Engineering a Replacement Bone Tissue with Adult Adipose-Derived Stem Cells

The current gold standard for bone repair, autologous bone graft, is costly and destructive to the harvest site. Moreover, the amount of available donor tissue is limited, so it is not always a viable option. The aim of this work was to investigate tissue engineering as an alternative to autograft-based bone repair through the combination of donor cells and three-dimensional cell carriers. The results presented herein describe the progress made toward that goal.

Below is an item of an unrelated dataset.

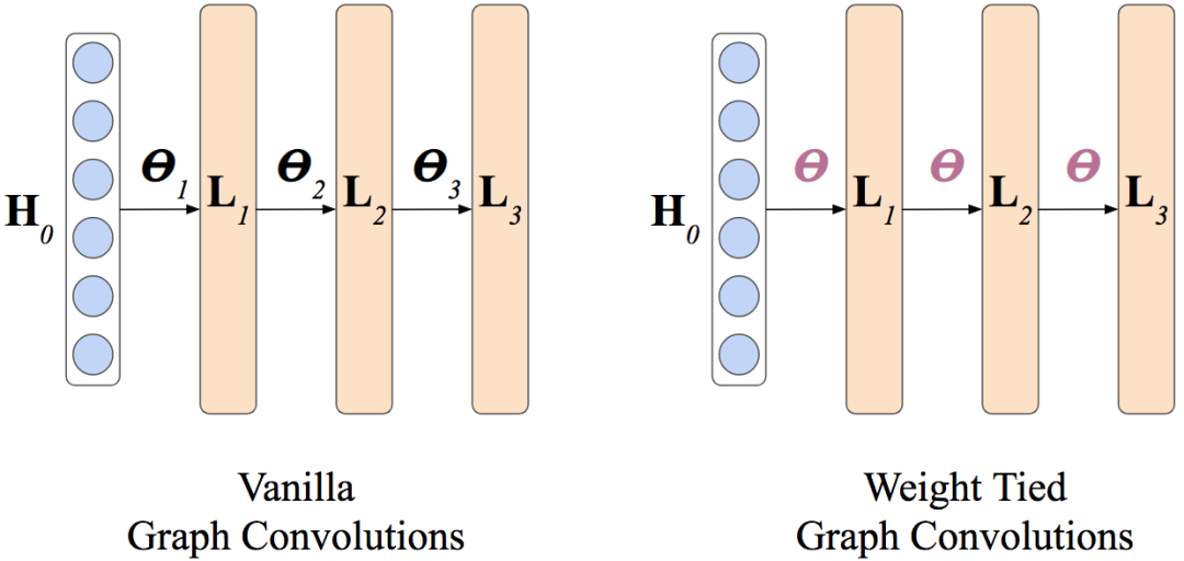 启发于最近的权重绑定自注意力网络 [4],我们提出了权重绑定图卷积。如上图所示,在权重绑定图卷积中,每一层都使用相同的参数。从而较大地节省了模型的参数。

To evaluate the intramembranous bone forming capacity of human adipose-derived stem cells, novel collagen scaffolds with or without hydroxyapatite reinforcement were loaded with cells and treated with growth or an osteogenic differentiation medium. Upon implantation, the cell-scaffold constructs produced varying amounts of immature bone characterized by highly vascularized osteocalcin and osteopontin-positive matrix and an increase in mineralized tissue volume. Hydroxyapatite reinforcement and the particular pretreatment of the cells were identified as key factors influencing tissue formation in vivo. In order to determine important characteristics for engineered constructs capable of inducing an endochondral response in vivo, an ectopic model of endochondral ossification was developed with pre-chondrogenic murine cell line ATDC5. When coupled with an osteoinductive scaffold in vivo, pellets been pre-treated in an optimized chondrogenic differentiation medium underwent chondrogenic maturation and partial ossification over the course of 8 weeks. This effect was dependent on the treatment medium applied and a three-dimensional culture environment.

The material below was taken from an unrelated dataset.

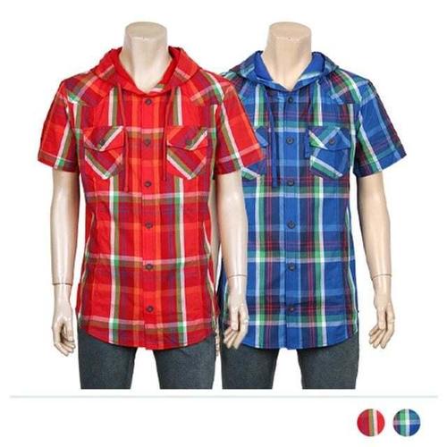 [셀럽하우스]브로스 ZXON4955 후드 체크 반팔 남방 셔츠

With these findings in mind, chondrogenic treatment was applied to human adipose-derived stem cells seeded in high density pellet culture or encapsulated in alginate beads to investigate the potential for endochondral bone formation in a clinically relevant cell type. Despite identical pre-treatment, the culture systems induced significantly different volumes of mineralized tissue formation in vivo. Cell pellets resulted in a greater amount of mineralized tissue which accumulated around a large volume exterior to the implants, while mineralized tissue deposits were confined to a smaller volume in cell seeded alginate beads. These findings further highlighted the importance of pretreatment and culture methods with respect to the in vivo response induced by tissue engineered constructs.